── INFORMATION SUPPLIED ──
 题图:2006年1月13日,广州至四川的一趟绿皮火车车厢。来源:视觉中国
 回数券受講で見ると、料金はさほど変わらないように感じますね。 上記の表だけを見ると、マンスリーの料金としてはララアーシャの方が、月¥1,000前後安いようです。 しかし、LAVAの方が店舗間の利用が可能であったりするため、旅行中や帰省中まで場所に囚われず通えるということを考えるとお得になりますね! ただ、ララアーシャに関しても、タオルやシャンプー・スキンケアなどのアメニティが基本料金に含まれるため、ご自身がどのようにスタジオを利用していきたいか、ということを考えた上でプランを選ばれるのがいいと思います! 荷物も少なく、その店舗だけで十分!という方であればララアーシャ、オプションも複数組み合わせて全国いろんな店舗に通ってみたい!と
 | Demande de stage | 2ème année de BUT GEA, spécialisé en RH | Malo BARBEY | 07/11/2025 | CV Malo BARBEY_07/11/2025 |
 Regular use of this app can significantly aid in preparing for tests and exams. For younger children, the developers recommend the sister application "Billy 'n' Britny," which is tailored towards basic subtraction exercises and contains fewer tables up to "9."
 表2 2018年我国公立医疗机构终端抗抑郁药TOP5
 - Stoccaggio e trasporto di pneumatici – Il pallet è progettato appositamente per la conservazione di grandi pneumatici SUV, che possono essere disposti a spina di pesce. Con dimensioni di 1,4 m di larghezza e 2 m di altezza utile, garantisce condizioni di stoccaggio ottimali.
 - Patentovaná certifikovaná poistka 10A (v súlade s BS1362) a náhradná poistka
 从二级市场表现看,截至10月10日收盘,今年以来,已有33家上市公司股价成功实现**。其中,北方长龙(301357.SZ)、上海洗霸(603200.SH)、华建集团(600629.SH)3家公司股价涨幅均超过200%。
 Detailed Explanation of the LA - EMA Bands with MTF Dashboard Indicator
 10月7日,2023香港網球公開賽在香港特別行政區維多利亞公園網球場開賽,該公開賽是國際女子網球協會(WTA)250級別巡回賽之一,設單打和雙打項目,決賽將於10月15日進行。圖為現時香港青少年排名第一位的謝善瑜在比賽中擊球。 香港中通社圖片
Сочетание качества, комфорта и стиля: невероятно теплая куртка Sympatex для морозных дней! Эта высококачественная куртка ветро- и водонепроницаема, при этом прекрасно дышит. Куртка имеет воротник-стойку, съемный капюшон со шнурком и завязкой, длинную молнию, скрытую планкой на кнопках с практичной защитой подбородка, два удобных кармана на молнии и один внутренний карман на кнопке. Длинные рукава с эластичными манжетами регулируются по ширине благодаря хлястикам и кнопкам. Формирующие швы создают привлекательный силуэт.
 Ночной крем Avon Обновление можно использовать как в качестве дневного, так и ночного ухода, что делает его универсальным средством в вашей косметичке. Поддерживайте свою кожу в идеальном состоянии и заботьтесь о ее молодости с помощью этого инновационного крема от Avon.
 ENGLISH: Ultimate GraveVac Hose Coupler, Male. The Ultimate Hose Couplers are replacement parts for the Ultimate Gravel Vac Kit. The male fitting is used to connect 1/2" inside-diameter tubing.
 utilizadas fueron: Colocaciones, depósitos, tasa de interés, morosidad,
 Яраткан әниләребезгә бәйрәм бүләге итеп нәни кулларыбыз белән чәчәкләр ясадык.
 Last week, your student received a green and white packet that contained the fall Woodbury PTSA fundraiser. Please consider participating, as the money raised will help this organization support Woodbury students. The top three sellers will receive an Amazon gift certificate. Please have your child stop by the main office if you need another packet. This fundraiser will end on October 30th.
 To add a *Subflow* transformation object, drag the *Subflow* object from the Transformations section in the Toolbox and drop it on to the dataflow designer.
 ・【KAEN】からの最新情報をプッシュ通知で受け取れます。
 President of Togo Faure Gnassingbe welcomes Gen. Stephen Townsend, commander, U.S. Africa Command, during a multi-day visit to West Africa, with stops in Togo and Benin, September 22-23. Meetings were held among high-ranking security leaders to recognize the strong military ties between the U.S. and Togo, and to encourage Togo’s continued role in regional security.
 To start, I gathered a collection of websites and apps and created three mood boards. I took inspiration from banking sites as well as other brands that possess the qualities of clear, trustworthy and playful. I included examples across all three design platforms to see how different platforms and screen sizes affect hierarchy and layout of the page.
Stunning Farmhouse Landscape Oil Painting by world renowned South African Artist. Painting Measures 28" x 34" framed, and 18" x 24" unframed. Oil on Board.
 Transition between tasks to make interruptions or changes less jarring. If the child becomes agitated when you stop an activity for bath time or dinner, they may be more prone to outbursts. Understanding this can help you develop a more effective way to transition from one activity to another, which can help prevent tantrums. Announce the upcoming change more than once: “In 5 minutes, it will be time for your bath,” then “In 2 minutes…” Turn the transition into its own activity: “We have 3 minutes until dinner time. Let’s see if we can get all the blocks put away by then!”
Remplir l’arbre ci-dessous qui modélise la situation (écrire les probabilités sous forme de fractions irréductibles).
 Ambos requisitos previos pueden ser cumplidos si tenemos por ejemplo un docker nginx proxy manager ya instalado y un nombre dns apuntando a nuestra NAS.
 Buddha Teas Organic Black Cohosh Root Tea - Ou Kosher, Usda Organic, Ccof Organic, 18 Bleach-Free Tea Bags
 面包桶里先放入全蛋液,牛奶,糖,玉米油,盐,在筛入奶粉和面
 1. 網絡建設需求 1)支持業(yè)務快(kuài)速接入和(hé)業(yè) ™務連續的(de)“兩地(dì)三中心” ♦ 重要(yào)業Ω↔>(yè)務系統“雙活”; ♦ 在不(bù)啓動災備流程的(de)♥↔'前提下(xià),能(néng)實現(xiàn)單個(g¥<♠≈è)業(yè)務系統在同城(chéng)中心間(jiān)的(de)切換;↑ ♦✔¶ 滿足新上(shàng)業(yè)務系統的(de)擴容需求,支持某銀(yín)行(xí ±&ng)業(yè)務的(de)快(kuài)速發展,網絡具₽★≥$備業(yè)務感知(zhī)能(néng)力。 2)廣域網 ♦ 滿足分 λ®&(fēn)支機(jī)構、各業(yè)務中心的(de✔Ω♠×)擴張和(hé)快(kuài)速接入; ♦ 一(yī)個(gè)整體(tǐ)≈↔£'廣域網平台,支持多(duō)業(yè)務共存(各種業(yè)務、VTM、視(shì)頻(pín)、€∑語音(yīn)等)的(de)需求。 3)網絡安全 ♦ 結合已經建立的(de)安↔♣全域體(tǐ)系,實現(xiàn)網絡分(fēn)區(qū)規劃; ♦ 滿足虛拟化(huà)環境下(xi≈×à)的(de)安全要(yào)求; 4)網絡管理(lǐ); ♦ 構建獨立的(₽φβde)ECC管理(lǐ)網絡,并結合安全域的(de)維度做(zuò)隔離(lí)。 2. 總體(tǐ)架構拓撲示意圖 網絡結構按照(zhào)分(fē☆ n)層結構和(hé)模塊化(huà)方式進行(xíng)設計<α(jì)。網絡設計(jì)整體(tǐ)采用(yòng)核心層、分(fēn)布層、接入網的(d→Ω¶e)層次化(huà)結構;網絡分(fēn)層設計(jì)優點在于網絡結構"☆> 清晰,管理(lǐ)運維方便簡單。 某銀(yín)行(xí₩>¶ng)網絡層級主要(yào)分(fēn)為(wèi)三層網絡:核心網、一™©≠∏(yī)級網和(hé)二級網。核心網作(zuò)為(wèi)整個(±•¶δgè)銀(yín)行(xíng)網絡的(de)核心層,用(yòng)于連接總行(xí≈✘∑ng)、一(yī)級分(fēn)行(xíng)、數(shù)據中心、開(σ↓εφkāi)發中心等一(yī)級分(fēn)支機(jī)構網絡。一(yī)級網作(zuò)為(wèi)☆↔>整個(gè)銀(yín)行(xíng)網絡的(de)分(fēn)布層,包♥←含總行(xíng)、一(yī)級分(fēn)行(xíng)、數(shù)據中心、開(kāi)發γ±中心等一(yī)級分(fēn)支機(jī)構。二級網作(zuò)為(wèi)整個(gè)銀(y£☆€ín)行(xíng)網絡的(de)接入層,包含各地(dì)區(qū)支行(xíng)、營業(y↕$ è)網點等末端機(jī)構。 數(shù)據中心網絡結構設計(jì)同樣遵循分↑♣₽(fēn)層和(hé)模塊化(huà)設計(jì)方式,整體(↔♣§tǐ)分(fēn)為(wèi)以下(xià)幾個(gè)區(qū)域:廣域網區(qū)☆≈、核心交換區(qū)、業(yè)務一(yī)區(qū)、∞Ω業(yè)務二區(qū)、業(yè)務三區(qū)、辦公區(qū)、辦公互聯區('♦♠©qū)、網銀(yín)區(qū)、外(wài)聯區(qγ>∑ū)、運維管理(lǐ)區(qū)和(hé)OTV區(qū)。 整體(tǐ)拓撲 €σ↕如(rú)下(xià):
───
Wherever the line holding "Remplir l’arbre ci-dessous" falls in the entries above, copy exactly from it through the line holding "面包桶里先放入全蛋液,牛奶,糖,玉米油,盐,在筛入奶粉和面", inclusive, and add nothing.

Remplir l’arbre ci-dessous qui modélise la situation (écrire les probabilités sous forme de fractions irréductibles).
 Ambos requisitos previos pueden ser cumplidos si tenemos por ejemplo un docker nginx proxy manager ya instalado y un nombre dns apuntando a nuestra NAS.
 Buddha Teas Organic Black Cohosh Root Tea - Ou Kosher, Usda Organic, Ccof Organic, 18 Bleach-Free Tea Bags
 面包桶里先放入全蛋液,牛奶,糖,玉米油,盐,在筛入奶粉和面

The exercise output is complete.